## EXERCISE DESCRIPTION
Find the line containing "Jeg har ikke" in the records below. Copy exactly that line and each one after it, ending at the line containing "А вот какие", and nothing more.

───── GIVEN DATA

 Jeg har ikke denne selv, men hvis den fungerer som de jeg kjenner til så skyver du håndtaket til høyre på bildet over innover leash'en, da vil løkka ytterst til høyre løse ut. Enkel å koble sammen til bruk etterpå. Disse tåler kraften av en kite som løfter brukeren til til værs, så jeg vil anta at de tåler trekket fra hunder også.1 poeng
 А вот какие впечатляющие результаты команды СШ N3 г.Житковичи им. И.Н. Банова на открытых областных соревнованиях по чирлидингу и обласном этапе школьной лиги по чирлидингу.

──────────
───── GIVEN DATA

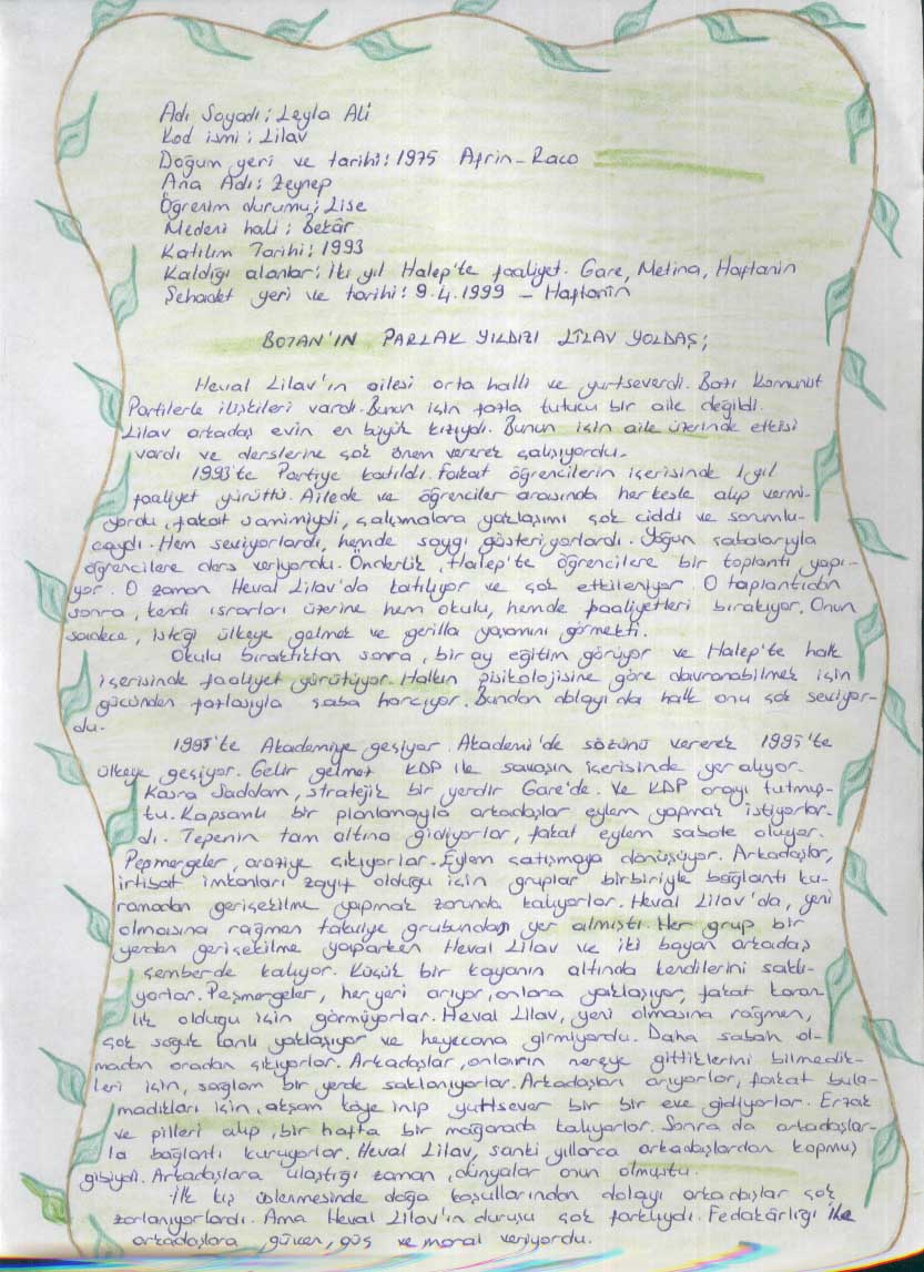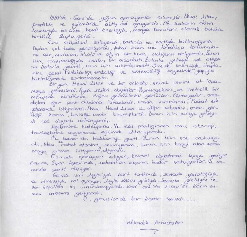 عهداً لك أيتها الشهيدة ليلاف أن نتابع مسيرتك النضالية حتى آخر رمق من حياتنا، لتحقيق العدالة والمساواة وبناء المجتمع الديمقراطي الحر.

──────────

## TASK OUTPUT
 Jeg har ikke denne selv, men hvis den fungerer som de jeg kjenner til så skyver du håndtaket til høyre på bildet over innover leash'en, da vil løkka ytterst til høyre løse ut. Enkel å koble sammen til bruk etterpå. Disse tåler kraften av en kite som løfter brukeren til til værs, så jeg vil anta at de tåler trekket fra hunder også.1 poeng
 А вот какие впечатляющие результаты команды СШ N3 г.Житковичи им. И.Н. Банова на открытых областных соревнованиях по чирлидингу и обласном этапе школьной лиги по чирлидингу.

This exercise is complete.